Setting limits: The right communication

When setting boundaries, communication is key.
When setting boundaries, communication is key.
(Photo: CC0 / Pixabay / aitoff)

Once you have developed a clear sense of your limits, you can set them. Try to be calm, assertive, and consistent. Your counterpart should realize that you are really serious. When formulating the boundary, it might be helpful for you to orientate yourself on the principle of non-violent communication according to Marshall Rosenberg. The following examples can also help you:

  • “I’m not available on Saturday night. Let me know the next time you throw a party.”
  • “This week isn’t a good time for me to help you move. I could help set up your furniture next week instead.”
  • “Thank you for wanting me to lead this project. However, apart from my other duties, I currently have no capacity to take on this responsibility.”
  • “The separation is challenging for me. I don’t want to get any information from you about my ex.”
  • “I don’t need any advice right now, just that you listen to me.”
  • “I don’t want to talk about it right now.”
  • “I’m not comfortable with you making jokes at my expense. Please stop it.”
  • “No thank you.”

Tip: If you’re very new to setting your limits, it’s totally fine to practice in small increments. For example, if setting a boundary in a face-to-face conversation feels too challenging for you, you can communicate it in an email, text, or voice message first.

Set limits and really stick to them

Setting boundaries is one of the most important foundations of relationships.
Setting boundaries is one of the most important foundations of relationships.
(Photo: CC0 / Pixabay / chermitove)

You will notice: Most people will accept your limits without any problems. Setting limits is like training a muscle. The more often you do it and the more positive reactions you get from those around you, the easier it will be for you.

However, if there are people who are annoyed with or even disregard your communicated boundary, that doesn’t mean that the boundary itself is wrong. On the contrary: the negative reaction of your counterpart says something about the fact that he/she benefits selfishly if you don’t set your limits.
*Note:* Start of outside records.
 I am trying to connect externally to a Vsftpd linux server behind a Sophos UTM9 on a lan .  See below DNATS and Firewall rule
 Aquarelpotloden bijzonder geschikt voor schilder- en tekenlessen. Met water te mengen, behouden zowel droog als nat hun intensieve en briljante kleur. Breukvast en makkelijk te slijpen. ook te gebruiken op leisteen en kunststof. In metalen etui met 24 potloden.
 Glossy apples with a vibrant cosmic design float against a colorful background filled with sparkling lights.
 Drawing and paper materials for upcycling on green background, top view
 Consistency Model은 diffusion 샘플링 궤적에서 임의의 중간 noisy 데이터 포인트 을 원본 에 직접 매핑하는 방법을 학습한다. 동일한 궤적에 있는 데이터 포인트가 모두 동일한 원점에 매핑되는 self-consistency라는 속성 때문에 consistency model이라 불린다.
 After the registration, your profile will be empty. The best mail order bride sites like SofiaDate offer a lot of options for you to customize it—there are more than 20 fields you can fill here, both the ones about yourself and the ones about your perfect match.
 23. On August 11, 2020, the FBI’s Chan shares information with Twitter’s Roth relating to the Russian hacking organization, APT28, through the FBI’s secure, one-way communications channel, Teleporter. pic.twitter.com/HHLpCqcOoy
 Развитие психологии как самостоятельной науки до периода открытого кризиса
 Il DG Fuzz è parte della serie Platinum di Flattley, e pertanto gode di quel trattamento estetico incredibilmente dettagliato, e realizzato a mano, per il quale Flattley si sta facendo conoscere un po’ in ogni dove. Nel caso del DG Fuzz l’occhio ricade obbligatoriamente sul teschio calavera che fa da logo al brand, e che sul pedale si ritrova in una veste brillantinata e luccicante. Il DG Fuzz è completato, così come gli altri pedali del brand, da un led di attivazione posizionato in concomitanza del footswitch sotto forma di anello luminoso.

This could be an indication that you are in an unhealthy relationship, such as a toxic friendship.

In this case, it is even more important that you remain consistent. The following formulas can help you with this. They’re deliberately written as “A and B” statements, rather than “A but B,” to signal that your opinion and that of the other person can coexist:

  • “It sounds like you don’t like my answer and I won’t change it.”
  • “It is true that I have tolerated this behavior in the past. And my needs have changed since then.”
  • “I hear what you’re saying and my answer is still no.”
  • “I’m not willing to discuss my limit with you.”

Important: Especially in the beginning, it can happen that you doubt your own boundaries, especially when someone reacts negatively to them. In this case, it’s helpful to talk to someone you trust, who is ideally good at setting boundaries themselves, and get validated in your boundary. This can be a friend, your partner, family members or even a therapist. With practice, you’ll become more confident and no longer need reassurance that your limit is okay.

Setting limits: That’s why it’s so difficult for some people

Setting boundaries is very challenging for some.
Setting boundaries is very challenging for some.
(Photo: CC0 / Pixabay / xusenru)

Some people find it harder than others to set their boundaries. The reasons for this are manifold and can lie hidden in early childhood imprints:

  • You fear love withdrawal and rejection if you draw a line.
  • You don’t want to disappoint other people.
  • You avoid conflict and arguments at all costs.
  • Always being available makes you feel important and needed.
  • You put the needs of others before your own well-being. Read more about the so-called helper syndrome in our guide on the topic.

It can be challenging to change these behaviors on your own. If you find yourself unable to set and maintain healthy boundaries despite several attempts, it may be wise to seek professional help from a therapist through this process.